# WHAT TO PRODUCE:
Pictures excluded, output the lines of the data below between the one holding "Kitchen Cabinet, Sideboard" and the one holding "Konštrukcia univerzálnej veľkosti", inclusive, exactly as they stand.

**** RECORDED DATA ****

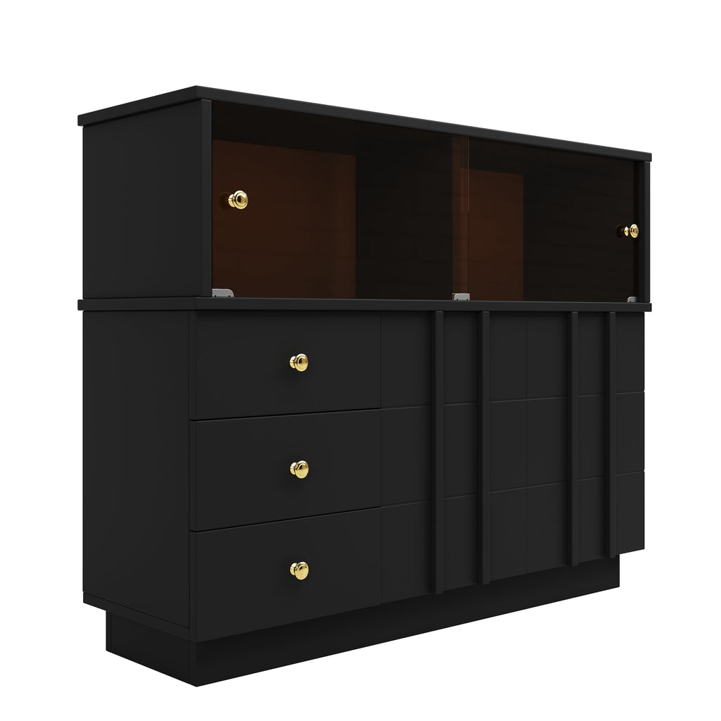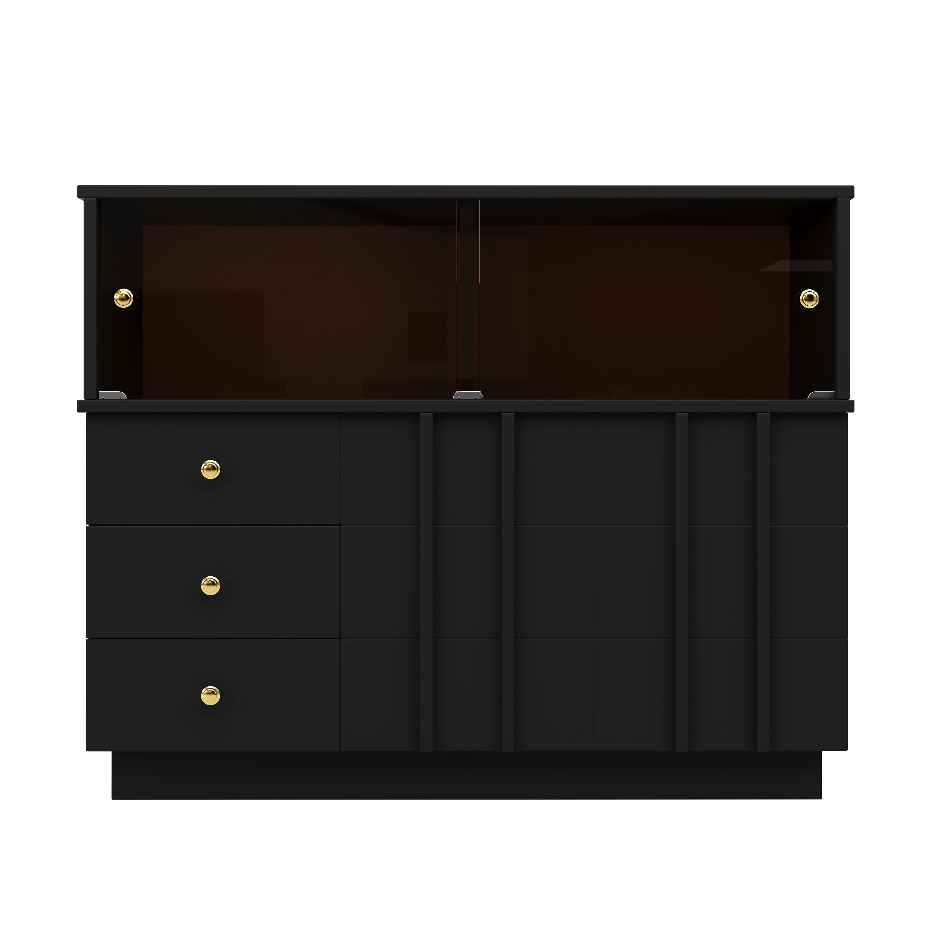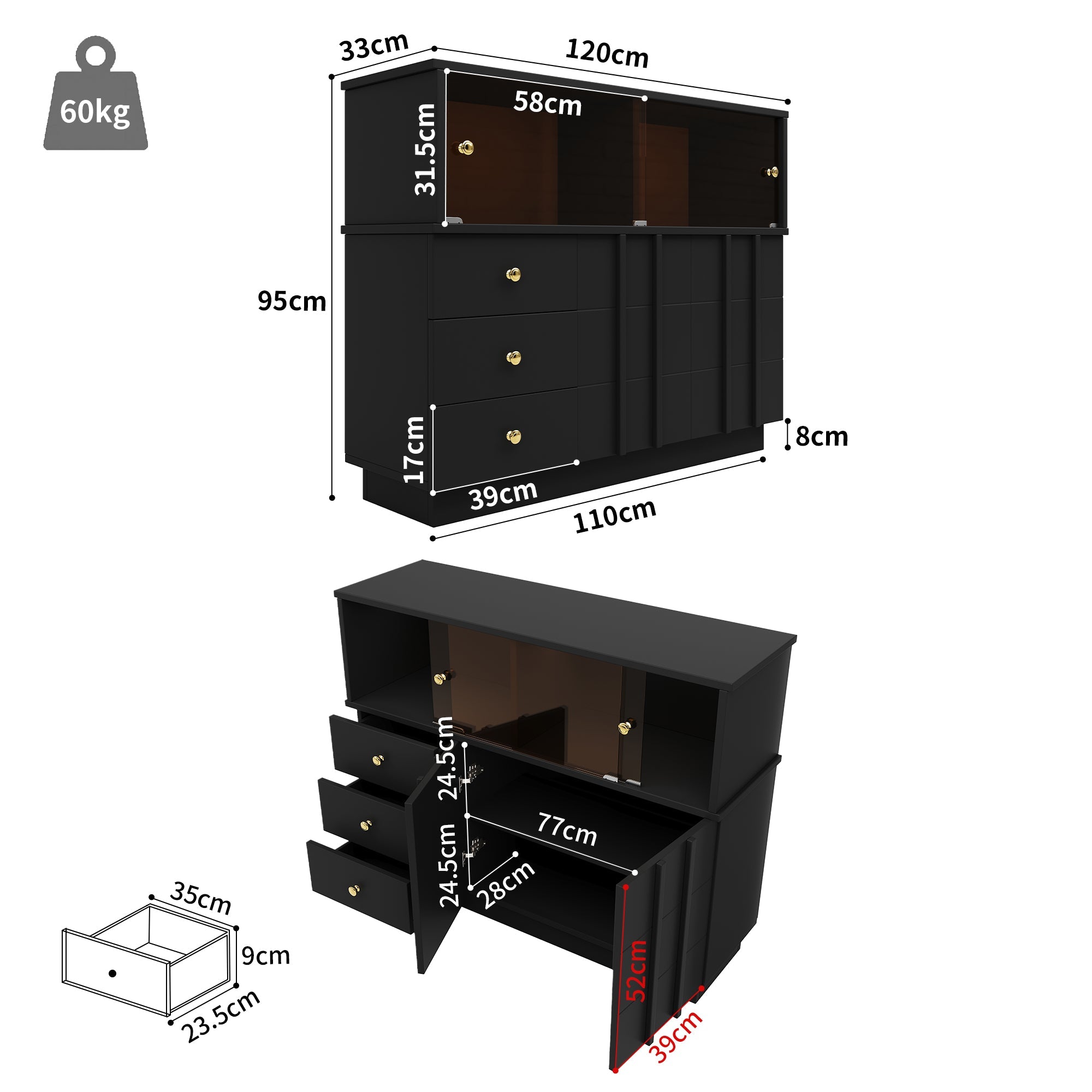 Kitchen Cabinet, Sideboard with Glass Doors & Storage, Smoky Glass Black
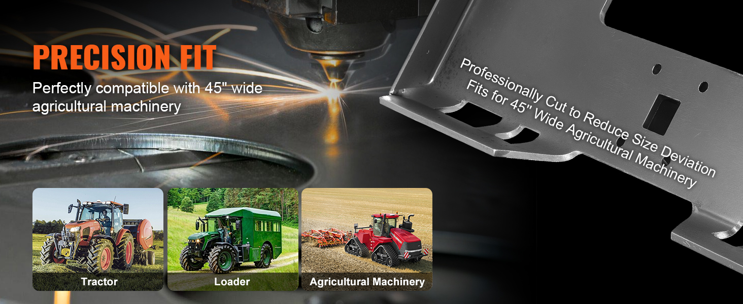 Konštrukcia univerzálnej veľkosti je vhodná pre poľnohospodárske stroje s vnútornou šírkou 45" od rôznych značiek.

****
**** RECORDED DATA ****

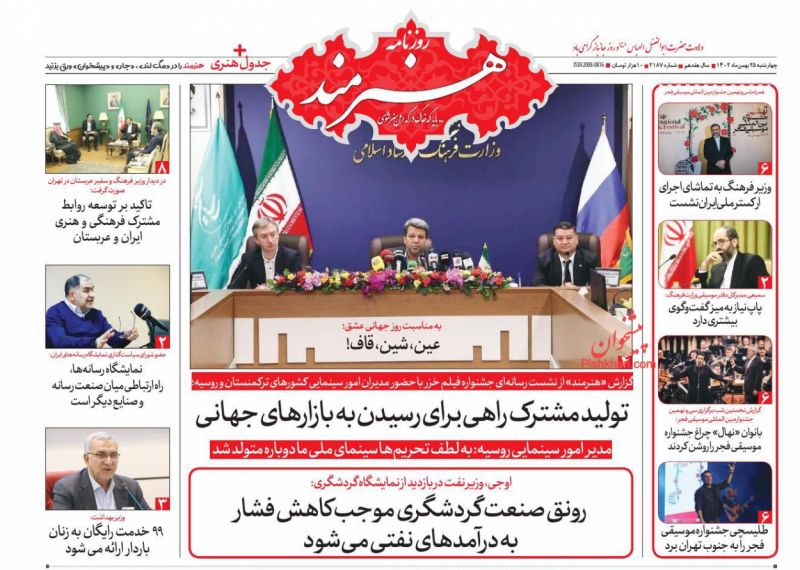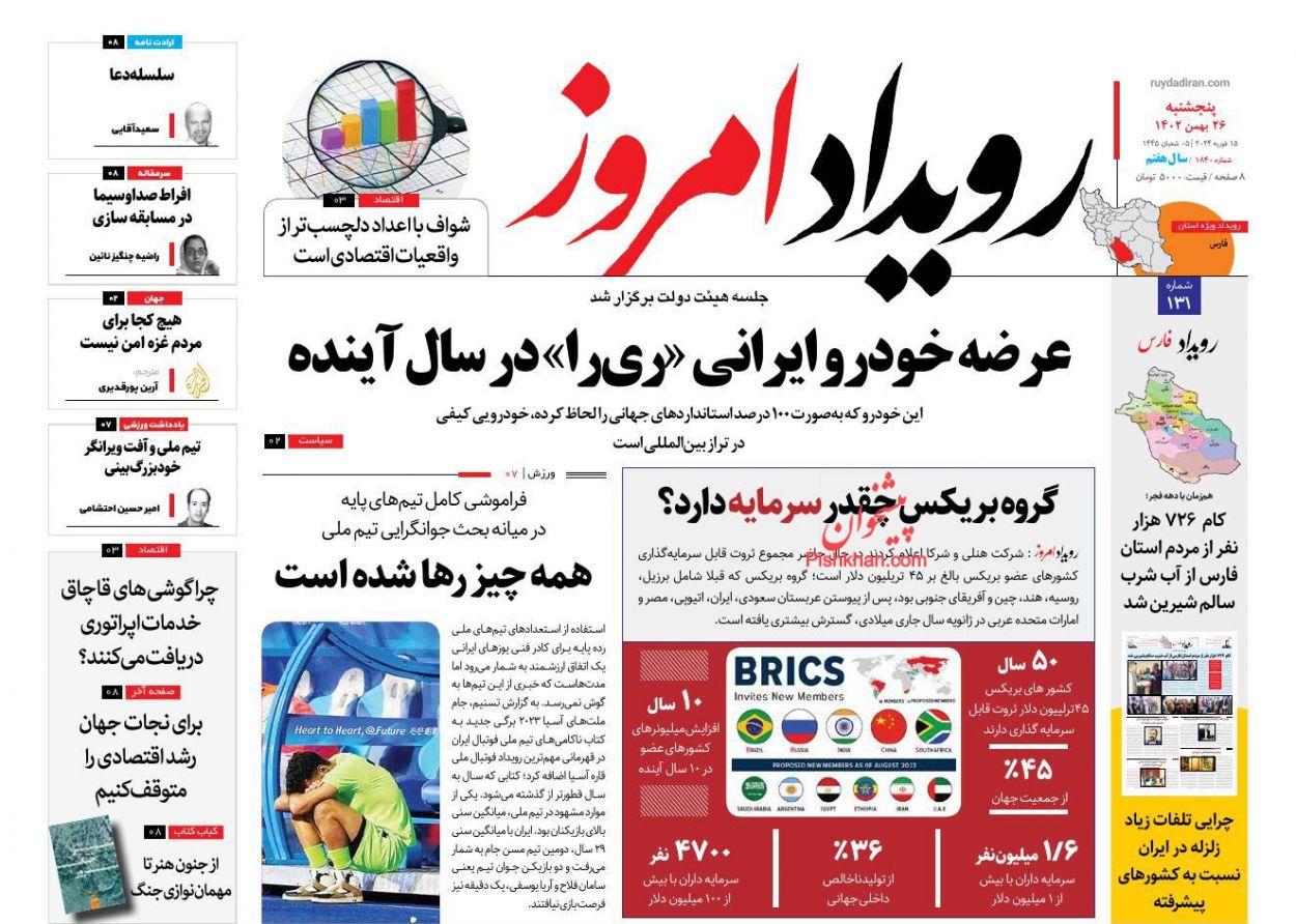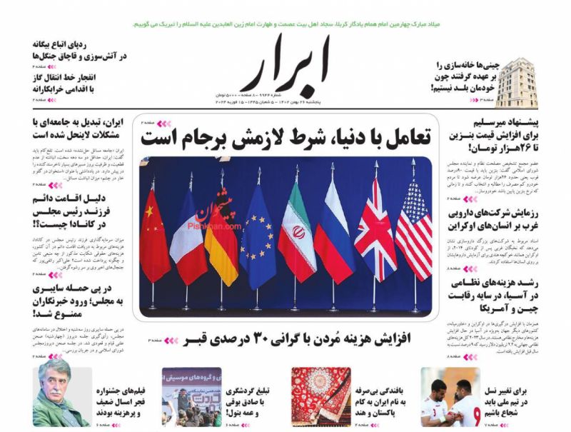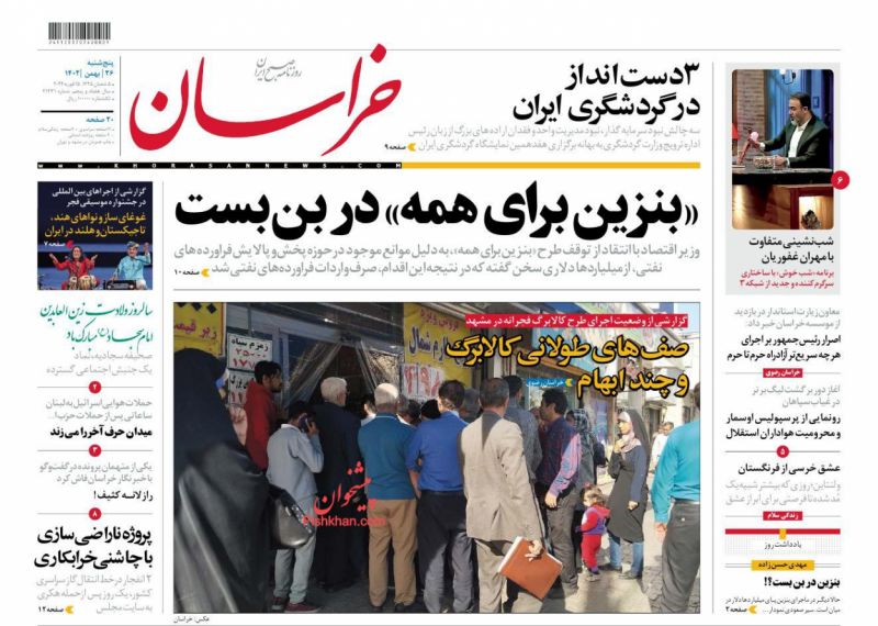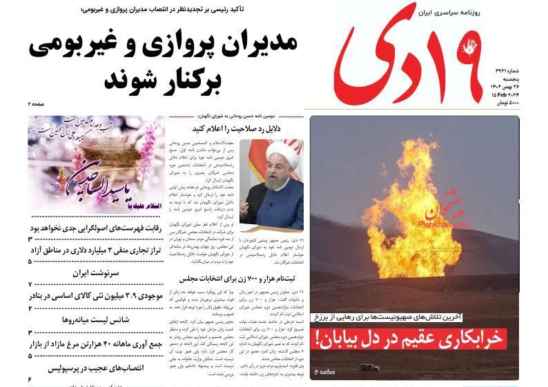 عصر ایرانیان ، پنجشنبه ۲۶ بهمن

****
**** RECORDED DATA ****

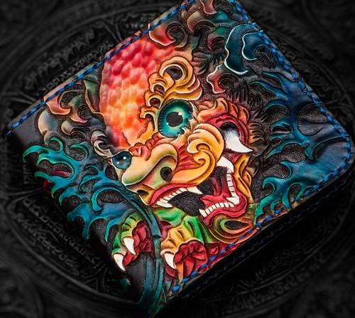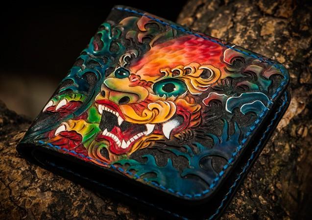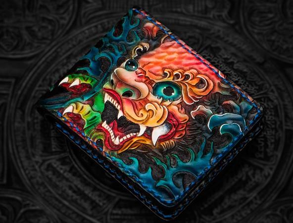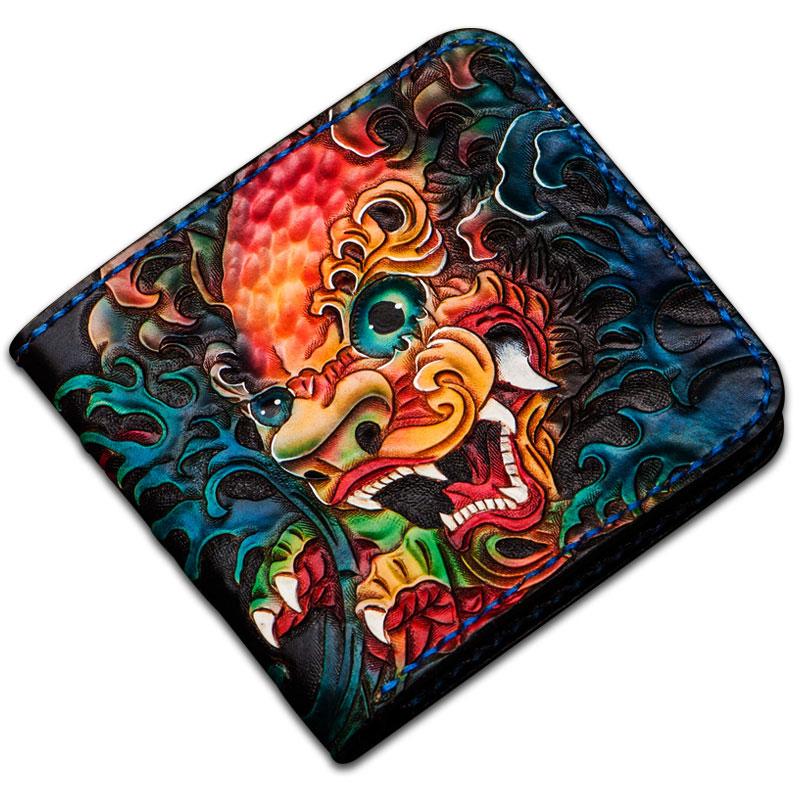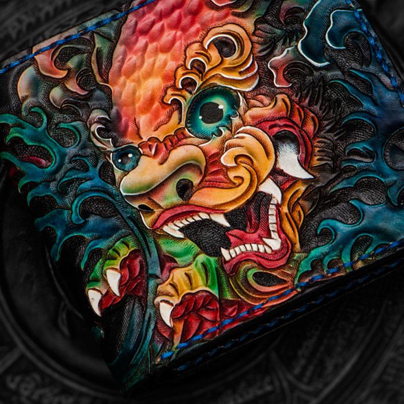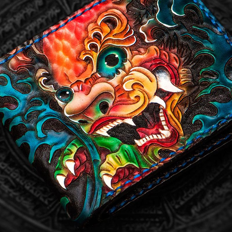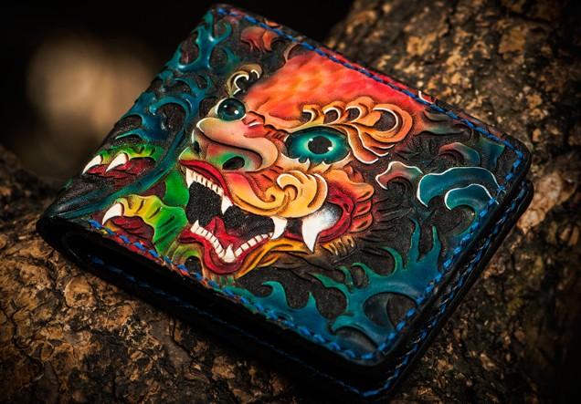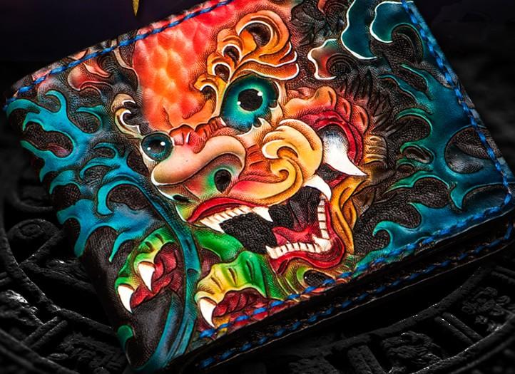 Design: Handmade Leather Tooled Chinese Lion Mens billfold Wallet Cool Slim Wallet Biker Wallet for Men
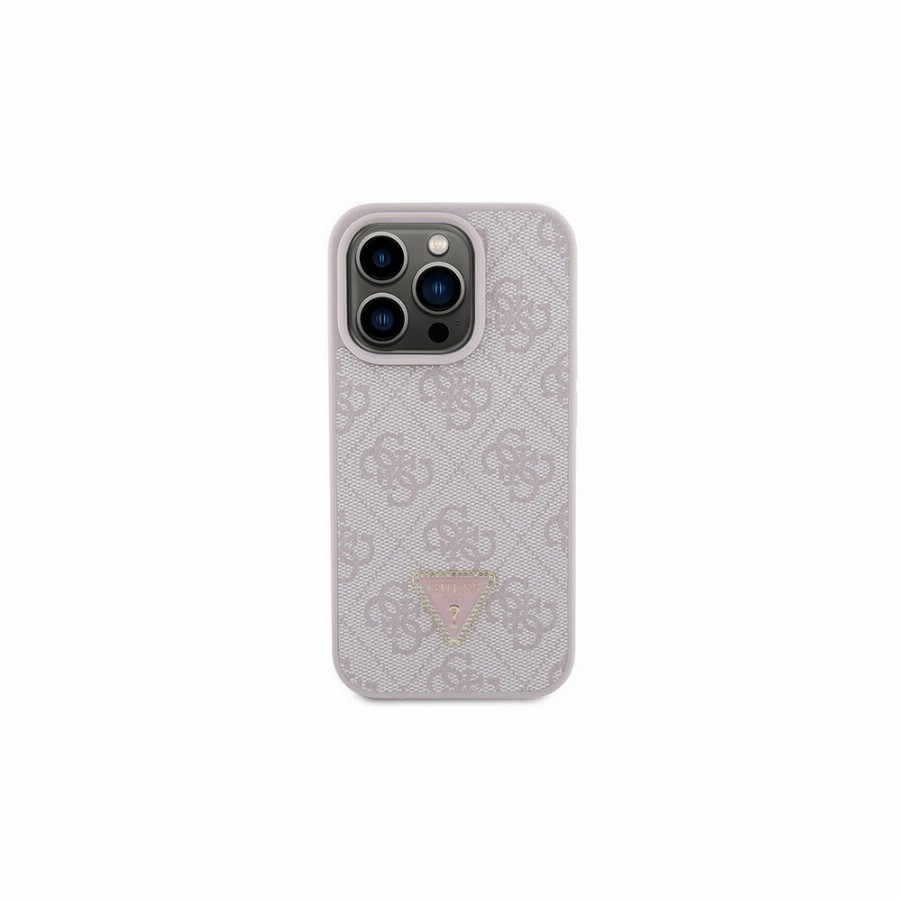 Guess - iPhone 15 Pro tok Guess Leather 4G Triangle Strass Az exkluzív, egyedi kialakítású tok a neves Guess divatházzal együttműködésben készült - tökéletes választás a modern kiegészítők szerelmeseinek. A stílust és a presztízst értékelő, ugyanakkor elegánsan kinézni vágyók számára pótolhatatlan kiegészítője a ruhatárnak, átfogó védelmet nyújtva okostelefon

****

# YOUR SOLUTION:
 Kitchen Cabinet, Sideboard with Glass Doors & Storage, Smoky Glass Black
 Konštrukcia univerzálnej veľkosti je vhodná pre poľnohospodárske stroje s vnútornou šírkou 45" od rôznych značiek.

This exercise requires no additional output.